(Stored dataset items)
=== Begin Enclosure ===
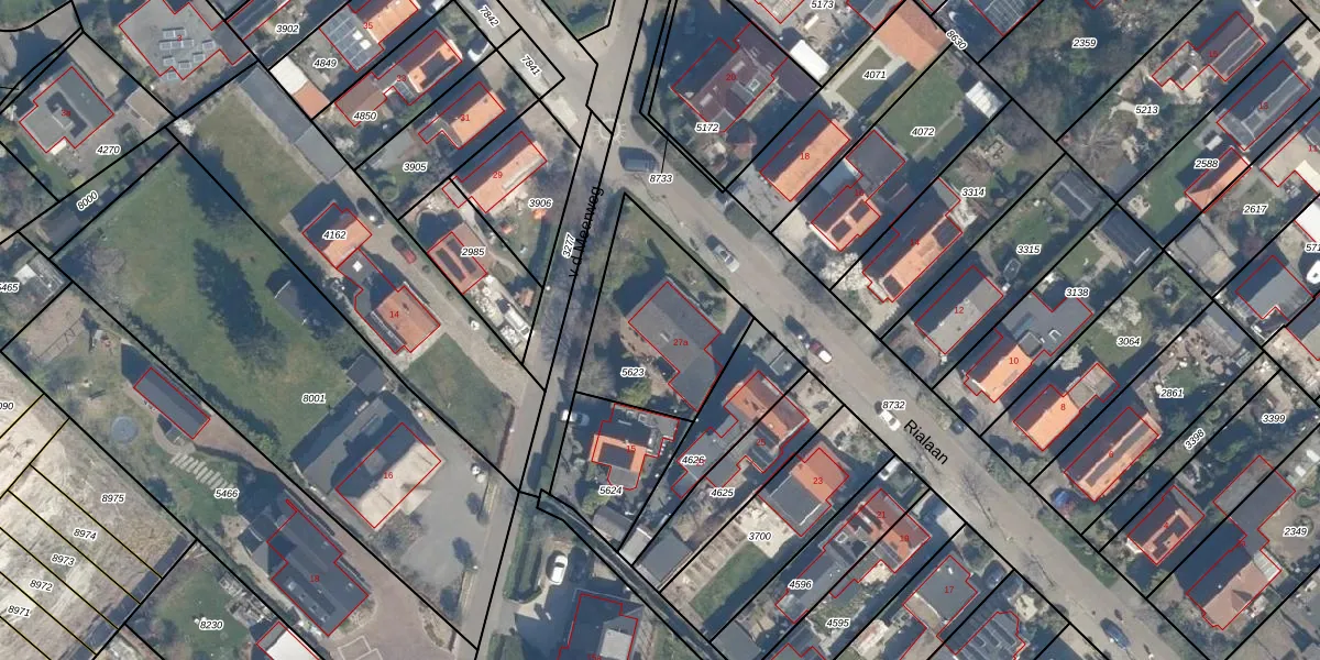 Het perceel waarop Rialaan 27-a staat heeft een oppervlakte van 535 m². Dit is een groot perceel. De perceeloppervlakte wordt geregistreerd door het Kadaster. Gedetailleerde informatie over de maten van dit perceel kunt u vinden in het rapport Kadastrale kaart met maatvoering van Rialaan 27-a.
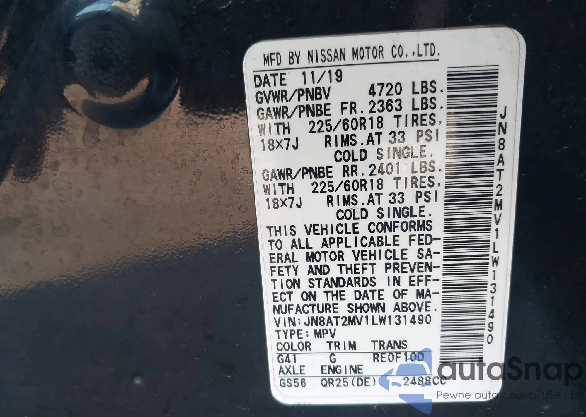 Samochód Nissan Rogue 2020 (VIN JN8AT2MV1LW131490) nie był wcześniej licytowany. Dokumenty są czyste, przebieg odpowiada lub jest niższy niż średnia rynku. Sprzedaje go firma ubezpieczeniowa – polecamy zakup. Dostawa do portu zajmie ok. 6–8 tygodni.
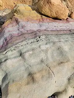 ![]() A broken-off piece of a cliff on the Torrey Pines beach. Delmar Formation (green, bottom) transitioning to Torrey Sandstone (yellow, top). | |
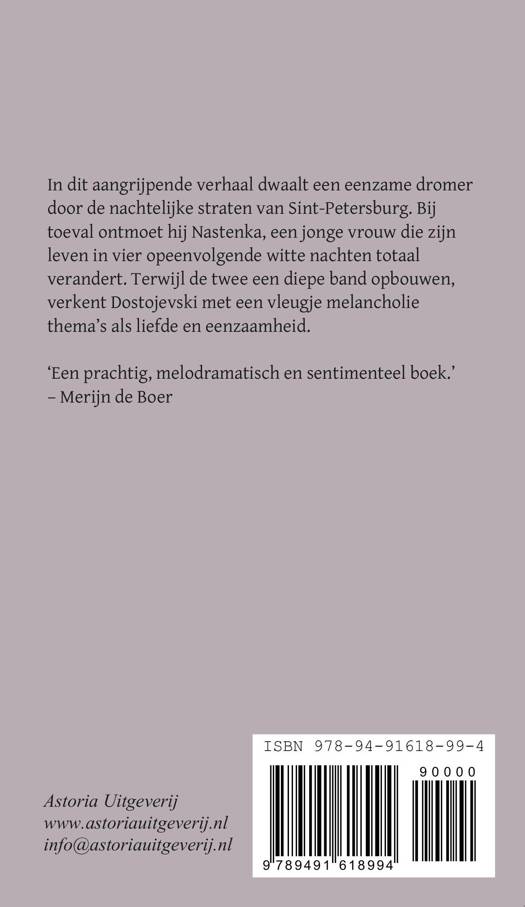 In dit aangrijpende verhaal dwaalt een eenzame dromer door de nachtelijke straten van Sint-Petersburg. Bij toeval ontmoet hij Nastenka, een jonge vrouw die zijn leven in vier opeenvolgende witte nachten totaal verandert. Terwijl de twee een diepe band opbouwen, verkent Dostojevski met een vleugje melancholie thema’s als liefde en eenzaamheid.
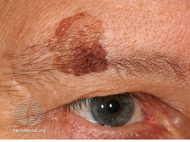 Ofte opstår alderdomsvorter, såkaldte seboroiske keratoser i pigmentpletter, som her hvor begge forandringer ses samtidigt i et øjenbryn. Foto venligst udlånt af DermNet
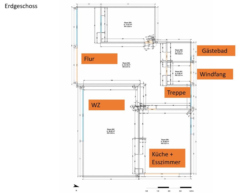 Das riesige Wohnzimmer mit halboffenem Übergang in die Wohnküche besticht mit großer Fensterfront und der Option zur einfachten Installation eines Kamins, da der Schornstein noch einen freien Schacht bietet der von hier zugänglich wäre.
=== End Enclosure ===
▸ **Work item**: Write out the lines from the line with "Ofte opstår alderdomsvorter, såkaldte" through the end of the records exactly; do not include pictures or any other lines.

▸ **Task response**:
 Ofte opstår alderdomsvorter, såkaldte seboroiske keratoser i pigmentpletter, som her hvor begge forandringer ses samtidigt i et øjenbryn. Foto venligst udlånt af DermNet
 Das riesige Wohnzimmer mit halboffenem Übergang in die Wohnküche besticht mit großer Fensterfront und der Option zur einfachten Installation eines Kamins, da der Schornstein noch einen freien Schacht bietet der von hier zugänglich wäre.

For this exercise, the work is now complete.